■ **WHAT YOU HAVE TO DO**: Using the records below, write out again exactly the lines that begin at the line containing "原料水分在30%-40%之間" and end at the line containing "A soft blue", and no other lines.

■ **THE INPUT**:
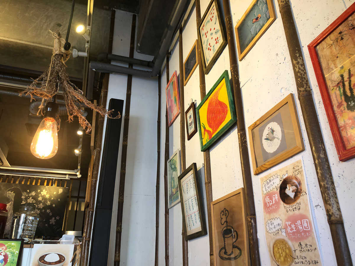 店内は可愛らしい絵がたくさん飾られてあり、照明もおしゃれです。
---
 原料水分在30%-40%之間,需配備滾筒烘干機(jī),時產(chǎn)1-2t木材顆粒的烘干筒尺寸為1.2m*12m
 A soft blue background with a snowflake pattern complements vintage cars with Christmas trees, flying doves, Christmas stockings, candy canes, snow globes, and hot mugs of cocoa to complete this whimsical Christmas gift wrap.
--
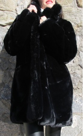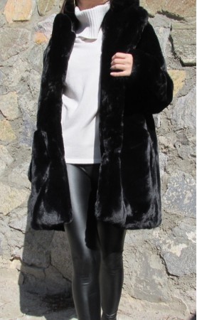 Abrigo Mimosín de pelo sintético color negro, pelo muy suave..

■ **FINISHED TASK**:
 原料水分在30%-40%之間,需配備滾筒烘干機(jī),時產(chǎn)1-2t木材顆粒的烘干筒尺寸為1.2m*12m
 A soft blue background with a snowflake pattern complements vintage cars with Christmas trees, flying doves, Christmas stockings, candy canes, snow globes, and hot mugs of cocoa to complete this whimsical Christmas gift wrap.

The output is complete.